Old People Will Not Be Stimulated

It looks like the Obama administration has found the perfect cure for our medical crisis and our Social Security crisis. Kill off old people.

Republican Senators are questioning whether President Barack Obama's stimulus bill contains the right mix of tax breaks and cash infusions to jump-start the economy.

Tragically, no one from either party is objecting to the health provisions slipped in without discussion. These provisions reflect the handiwork of Tom Daschle, until recently the nominee to head the Health and Human Services Department.

Senators should read these provisions and vote against them because they are dangerous to your health. (Page numbers refer to H.R. 1 EH, pdf version).

The bill's health rules will affect "every individual in the United States" (445, 454, 479). Your medical treatments will be tracked electronically by a federal system. Having electronic medical records at your fingertips, easily transferred to a hospital, is beneficial. It will help avoid duplicate tests and errors.

But the bill goes further. One new bureaucracy, the National Coordinator of Health Information Technology, will monitor treatments to make sure your doctor is doing what the federal government deems appropriate and cost effective. The goal is to reduce costs and "guide" your doctor's decisions (442, 446). These provisions in the stimulus bill are virtually identical to what Daschle prescribed in his 2008 book, "Critical: What We Can Do About the Health-Care Crisis."According to Daschle, doctors have to give up autonomy and "learn to operate less like solo practitioners."

They have taken another big step (and a rather large one at that) towards further nationalization of health care.

Think about the Department of Motor Vehicles dealing with your next medical emergency. And who are the targets of all this wonderful goodness where your relationship to your doctor is replaced with your relationship to your government? The expendables. The old people. And if you consider bang for the medical buck in time old will come to mean any one over 40.
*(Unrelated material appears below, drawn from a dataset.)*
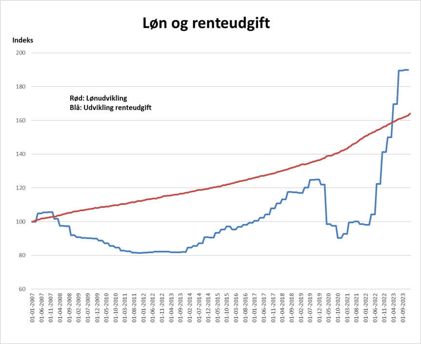 Med opbremsning i lønudviklingen, kigger vi som forbruger også ind i at en markant større andel af vores løn går til gældsservicering, og relativt mindre til forbrug. I denne uges graf ses den relative sammenligning siden 2007. Som det ses, er lønnen steget med 64 % i perioden, og indtil 2022 ligget pænt foran udviklingen i gælden. Det har tilladt forbrugerne at spare op eller forbruge. Siden 2022 er gældsomkostningerne som bekendt eksploderet og steget med 101 % siden 2007. Og da der jf. ovenstående lønudvikling ser ud til at komme en opbremsning her, vil det forventeligt også bremse økonomien lidt op som beskrevet til at starte med, og derved også tøjle inflationen, indtil centralbanken igen slipper foden fra bremsen.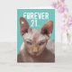 Forever 21?! This hairless cat with old lady makeup is forever 21... with 100 years of experience. We can still think young even though we've been around forever. Funny card for baby boomers who still act like they're 21(I know from personal experience).

Daschle says health-care reform "will not be pain free." Seniors should be more accepting of the conditions that come with age instead of treating them. That means the elderly will bear the brunt.

Medicare now pays for treatments deemed safe and effective. The stimulus bill would change that and apply a cost- effectiveness standard set by the Federal Council (464).

The Federal Council is modeled after a U.K. board discussed in Daschle's book. This board approves or rejects treatments using a formula that divides the cost of the treatment by the number of years the patient is likely to benefit. Treatments for younger patients are more often approved than treatments for diseases that affect the elderly, such as osteoporosis.

In 2006, a U.K. health board decreed that elderly patients with macular degeneration had to wait until they went blind in one eye before they could get a costly new drug to save the other eye. It took almost three years of public protests before the board reversed its decision.

If the Obama administration's economic stimulus bill passes the Senate in its current form, seniors in the U.S. will face similar rationing. Defenders of the system say that individuals benefit in younger years and sacrifice later.

OK. But are we being given a choice here? Suppose some people want to sacrifice in their younger years for their later years? What if longer life actually has value to some people?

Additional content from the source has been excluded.